For large-scale data, you can also try the local version: https://github.com/KennthShang/PhaBOX

Tutorial

We will demonstrate an example run of PhaBOX2 on a small dataset here.
The example output can be found via EXAMPLE.

🪜 Prepare a submission

✅ STEP 1 - Enter your input sequences

Nucleotide sequences in fasta format:

Or, upload a file (limit 200MB per file · FASTA ):

Download the example file

Clear sequence

First, let's download the example dataset exmaple_contigs.fa, containing 390 sequences:

Clik on [Download the example file] on the webpage
Or
wget https://github.com/KennthShang/PhaBOX/releases/download/v2.1.0/example_contigs.fa

A screenshot of the exmaple_contigs.fa should look like:

>example_0
AGATACTAACTCTGCTGCATAGACAAGAAATTCGTCTTTGCGGGAATATTTACCTGCAAG
GTATATTTTCACATTAACCTCTCAAAAAGCGTTTAACCACTGCTGGTACAACCCCATTTC
·······

Please select the FASTA file that you wish to upload. Note: If you have the FASTA file of predicted proteins (generated by prodigal), you can upload it to speed up PhaBOX.

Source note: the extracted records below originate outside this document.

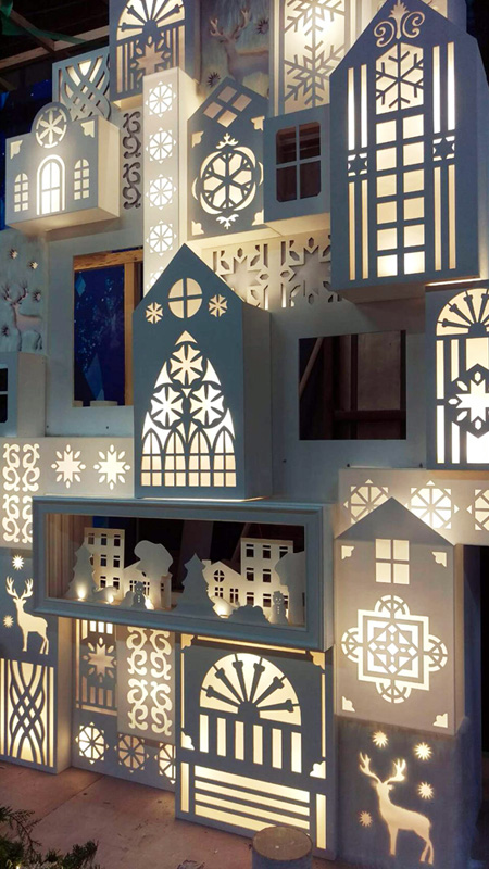 クリスマスイベント用に作製したディスプレイです。レーザーでアクリルをくり抜き、切絵のような雰囲気を持たせています。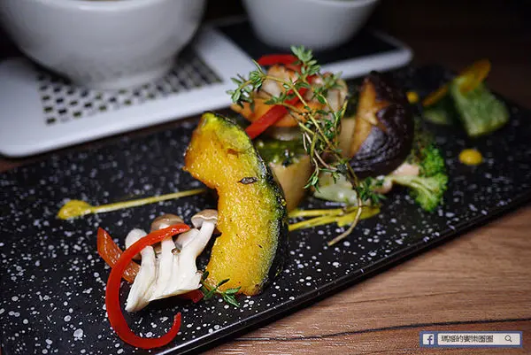 培根杏鮑菇岩扇貝佐冷壓青醬,這些蔬食皆以烤的方式呈現,烤後的食材帶有香氣,而且鎖住水份,清爽無負擔。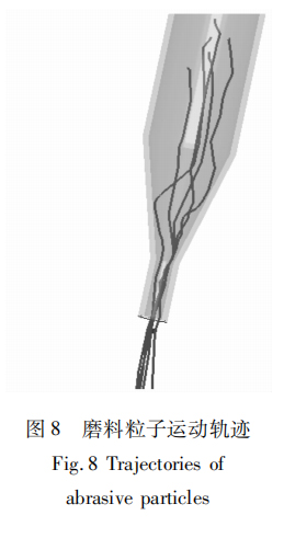 为获得磨料粒子在喷嘴中的运动形态,选5颗粒子追踪其在喷嘴中的运动轨迹,见图8。由图8看出,磨料粒子运动轨迹表明其在收敛段的运动较剧烈,因过流断面变窄,其与喷嘴壁面及磨料粒子之间均存在碰撞;进入直线段后因滞留时间较短,磨料粒子彼此之间碰撞机会变小,运 动 相 对 收 敛 段平缓。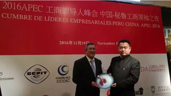 晚上6点,石建超随代表团出席中国·秘鲁工商领袖晚宴,并在宴会中将中国钧瓷作为双方友谊长存的礼物进献给秘鲁驻华大使卡普纳伊先生,并邀请大使先生有时间到润南集团考察指导。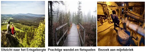 Op een 20 tal minuten rijden van KARLOVY VARY bevindt zich dit prachtige middelgebergte dat tot één van de mooiste van Europa behoort. Het is 150 meter lang en 40 km breed. Het Ertsgebergte heeft van alle Tsjechische bergen de meest bewogen en woelige geschiedenis van politieke gevangenen in de vele goud-, tin- en uraniummijnen maar het is vooral ook een paradijs om te wandelen en de fietsen en zijn vele bezienswaardigheden te ontdekken. KLINOVEC is de hoogste berg van 1244 meter waar een kabelbaan naar toe leidt en BOŽÍ DAR is het hoogste gelegen stadje van Midden-Europa. De vertaling van ´GODSGESCHENK´ spreekt boekdelen en zegt genoeg hoe mooi het hier is!
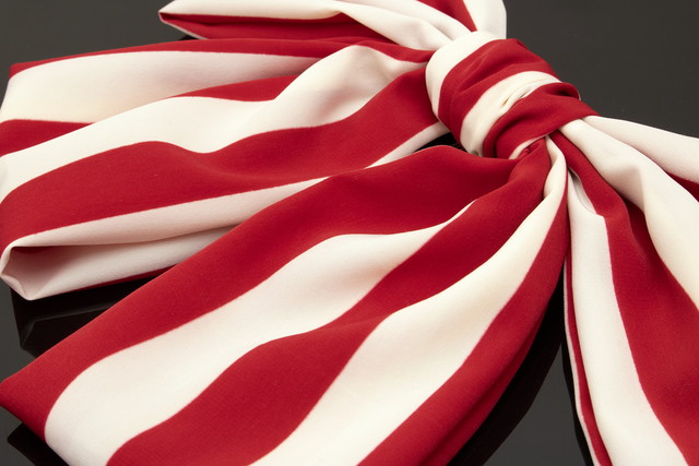 つるりとした肌さわりのしんなりした生地で、シンプルなストライプのデザインがモダン可愛い大きめのリボンです。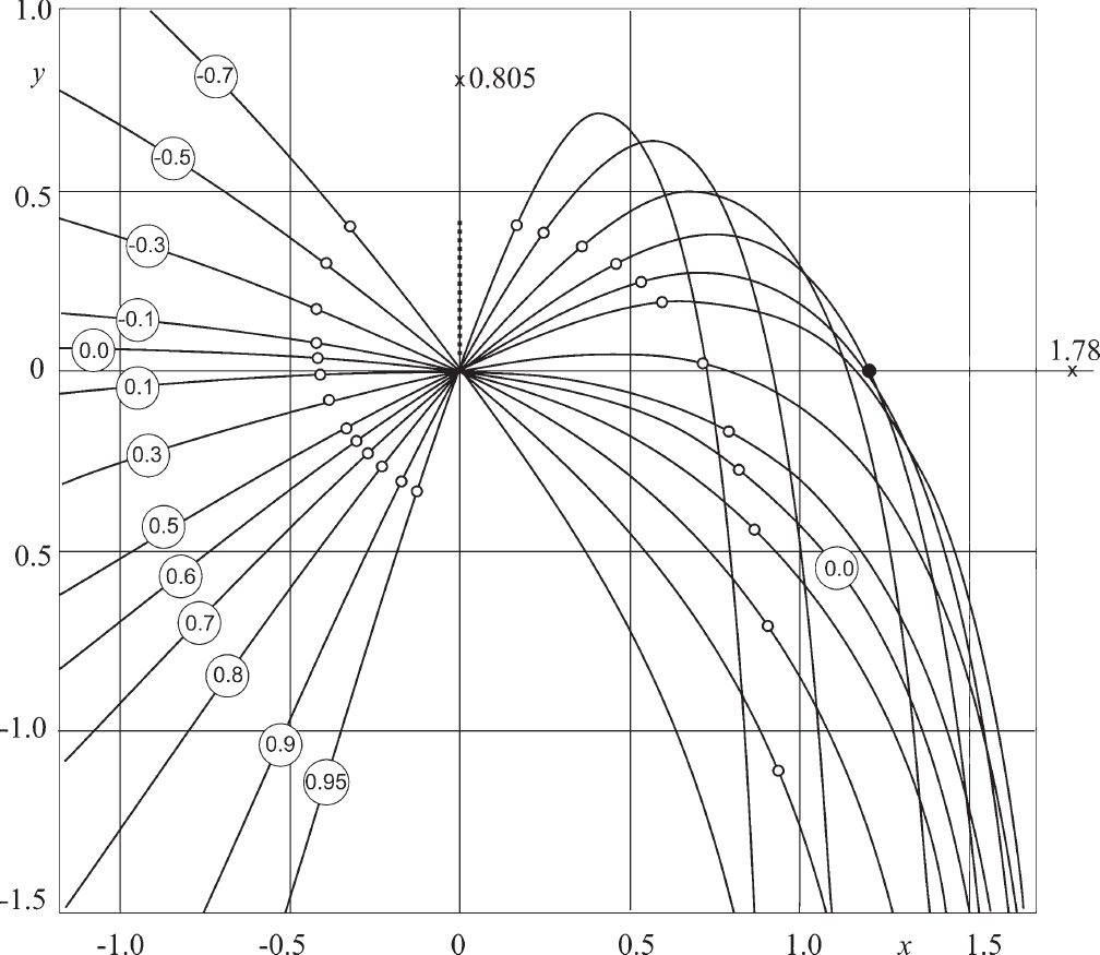 Наконец, построим “веер” траекторий движения точки с начальной скоростью и с различными начальными углами бросания (рис. 5). На левых участках траекторий в кружочках указаны соответствующие значения параметра . Кроме того, на траекториях маленькими кружками отмечены точки, в которых скорость принимает значение 3 (слева) и 1 (справа). Если мы захотим построить такой же веер, но для другой начальной скорости, надо просто сдвинуть каждую траекторию так, чтобы все нужные кружочки собрались в начале координат! Для перевода нормированных значений x и y в натуральные X, Y необходимо использовать коэффициент k.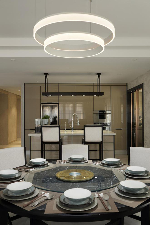 針對空間的細節(jié)打磨,李中偉選擇結(jié)合不同形式的設(shè)計手法,在滿足業(yè)主品質(zhì)要求的同時,空間的唯一性也被體現(xiàn),“專屬”或許也是私宅設(shè)計中最令人著迷的特性了。

✅ STEP 2 - Select your program

Comprehensive end-to-end pipeline

Virus identification

Taxonomy classification

Lifestyle prediction (prokaryotic virus only)

Host prediction

Contamination detection

The next step is to run phabox2 to classify these contigs. There are nine programs for users.

Select a program to run:
    end_to_end    || Run phamer, phagcn, phatyp, and cherry once (default)
    phamer        || Virus identification
    phagcn        || Taxonomy classification
    phatyp        || Lifestyle prediction
    cherry        || Host prediction
    contamination || Contamination/proviurs detection
    votu          || vOTU grouping (ANI-based or AAI-based)
    tree          || Build phylogenetic trees based on marker genes

✅ STEP 3 - Set your parameters

Minimum Length

Reject Percentage

AAI

Share Proteins

Protein coverage

CRISPRs Identity

CRISPRs Coverage

Here, we demonstrate the basic usage of running phabox2 in end_to_end mode.

There are several options used in end_to_end mode:

--len
    Filter the length of contigs || default: 3000
    Contigs with length smaller than this value will not proceed

--reject
    Reject sequences in which the percent proteins aligned to known phages is smaller than the value.
    Default: 10
    Range from 0 to 20

--aai
    Average amino acids identity  || default: 75 || range from 0 to 100

--share
    Minimum shared number of proteins || default: 15 || range from 0 to 100

--pcov
    Protein-based coverage || default: 80 || range from 0 to 100

--ccov
    Alignment identity for CRISPRs || default: 90 || range from 90 to 100

--ccoverage
    Alignment coverage for CRISPRs || default: 90 || range from 0 to 100

All the default parameters are optimized based on the latest ICTV 2024. But you can adjust them according to your needs.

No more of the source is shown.